In the preface to his Dictionary, Samuel Johnson writes, “sounds are too volatile and subtile for legal restraints; to enchain syllables, and to lash the wind, are equally the undertakings of pride, unwilling to measure its desires by its strengths.” Yet, the history of the language is full of all manner of attempts to govern English and specify what it should be.

Prescriptivism is the term used for approaches to language that set out rules for what is regarded as “good” or “correct” usage. Descriptivism is an evidence-based approach to language that describes, in an objective manner, how language is being used. Most contemporary academic linguists are descriptivists, but prescriptivist approaches abound in schools, style guides, internet comment threads, and parental chidings. This case examines attempts to govern, reform, and/or reimagine English.


…some Method should be thought on for ascertaining and fixing our Language for ever, after such Alterations are made in it as shall be thought requisite. For I am of Opinion that it is better a Language should not be wholly perfect, than that it should be perpetually changing […]

How many times have you read a letter to the editor complaining that English is not what it once was? Change in the English language is something that has vexed many over the years. Jonathan Swift, author of Gulliver’s Travels, was among those who advocated for the formation of an Academy to regulate language and arrest it from further change. In 1712, Swift published “A Proposal for Correcting, Improving, and Ascertaining the English Tongue.” In it, he assesses the condition of the language and laments that English’s “daily Improvements are by no means in proportion to its daily Corruptions.” Accordingly, Swift proposes the creation of a Society to govern English and “fix it for ever, or at least till we are invaded and made a Conquest by some other State.” Yet, for all of the talk of Swift and others, no Academy came to pass. English is made and remade by its speakers every day. 

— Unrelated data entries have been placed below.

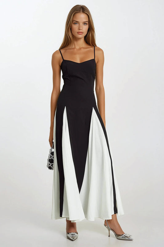 Asymmetrical Maxi Dress with Spaghetti Straps - Black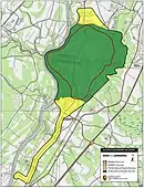 The Battle of Averasborough was fought on the grounds of Oak Grove, near Erwin, North Carolina.[1] Lebanon was used as a hospital.[2] Prior to the battle, Union soldiers raided the Ellerslie Plantation for supplies and quartered troops in the plantation's main house.[3] The Averasboro Battlefield Historic District was listed on the National Register of Historic Places in 2001.[4] The American Battlefield Trust and its partners have acquired and preserved more than 568 acres (2.30 km2) of the Averasborough battlefield as of mid-2023.[5]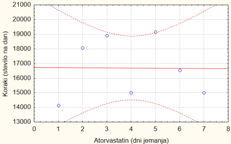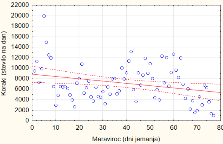 Atorvastatin sem jemal skupaj Maravircom. Vendar sem ga 7 dni jemal preden sem začel jemati Maraviroc in takrat se mi je zdravje nenadoma nenormalno izboljšalo. Zato sem tukaj zrisal korelacijo zgolj za tistih 7 dni, potem ostalo je enako kot pri Maravirocu. Kot sem že zgoraj omenil, pri statističnih analizah ne gre brez subjektivnih odločitev. Statistika izboljšanja ne kaže, ampak če pogledate sem takrat dosegel največjo dnevno število korakov od kar imam razvit dolgi covid (povprečno skoraj 17000, kar je 14 km dnevno).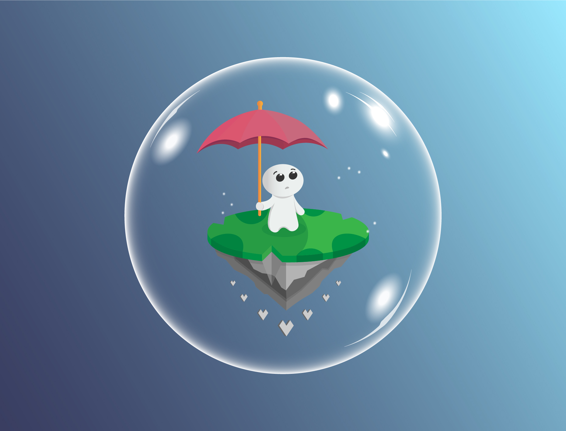 Работа выполнена в "Adobe illustrator". Мальчик в пузыре на островке. .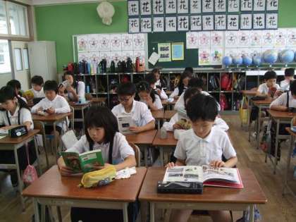国語学習の一環として関目小学校では、毎週水曜日の朝の学習を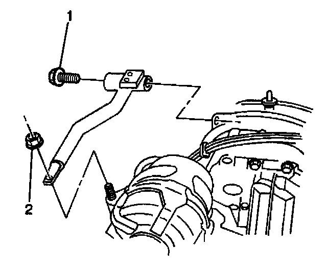 3. Remove the generator rear brace nut (2).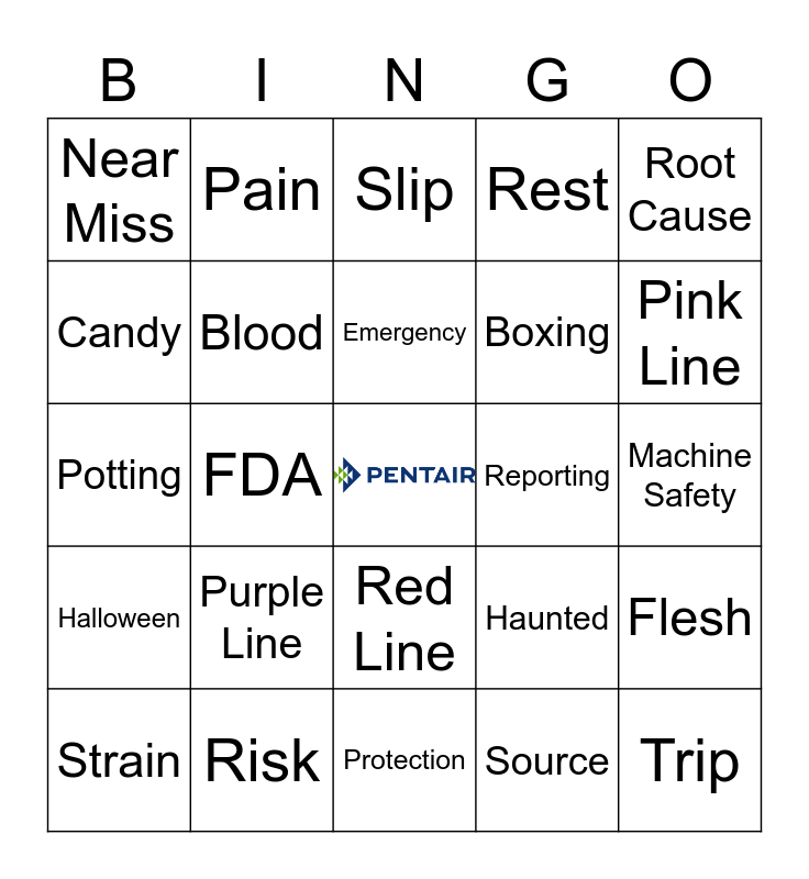 This bingo card has a free space and 45 words: Witness, Trip, Team Up, Strain, Spooky, Source, Slip, Sharp Object, Root Cause, Risk, Rest, Reporting, Red Line, Purple Line, Pumpkin, Protection, PPE, Potting, Pleater, Pink Line, Pain, OSHA, Oil Mist, Near Miss, Material Handling, Machine Safety, Incidents, Hazard, Haunted, Halloween, Green Line, Flesh, First Aid, Fire Safety, Filter, FDA, Fatal, Eye Wash, Ergonomics, Emergency, Candy, Boxing, Boo, Blood and Black line.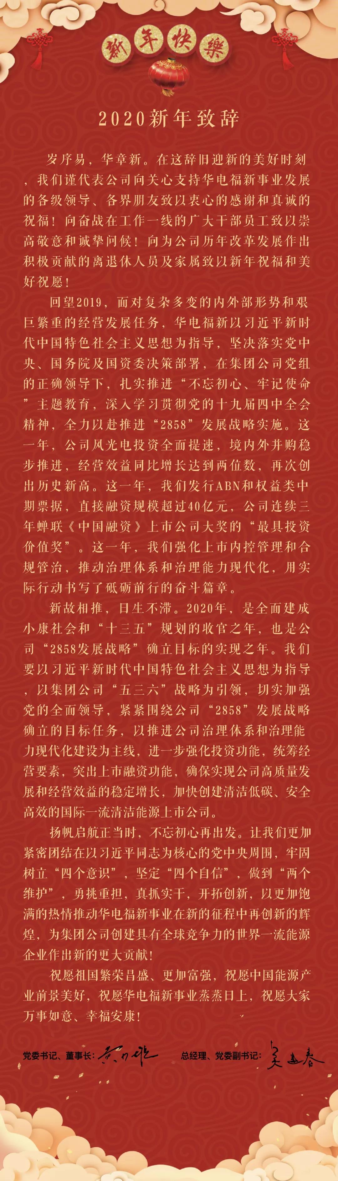 华电福新能源2020新年致辞:扬帆起航正当时,不忘初心再出发

 1.   Jonathan Swift. “A Proposal for Correcting, Improving, and Ascertaining the English Tongue” in Miscellanies in Prose and Verse… Vol. 1. London: Benjamin Motte, 1727. Call #: B3210 v. 1 of 2


Robert Lowth was one of the most influential grammarians of the eighteenth century. He is often credited with spurring a zeal for prescriptivism, an approach to language that advocates for certain usages above others and sets out rules as to what is “correct.” In recent years, scholars have reassessed this reputation, showing that Lowth’s Grammar is more descriptive (and much less rule-bound) than many remember. His reputation as a prescriptivist stems instead from his use of examples from well-known writers to highlight “mistakes” in usage. In the passage on display, Lowth notes our language is strongly inclined toward separating prepositions from their relatives (whom, which, etc.). He asserts that while this prevails in common conversation and fits well in familiar writing, “the Placing of the Preposition before the Relative is more graceful, as well as more perspicuous; and agrees much better with the solemn and elevated Style.”  Lowth’s caution against preposition stranding, as it is now called, is mild at best. However, he illustrates it with an admittedly awkward passage from the poet Alexander Pope: “The World is too well bred to shock authors with a truth, which generally their booksellers are the first that inform them of” (emphasis Lowth’s).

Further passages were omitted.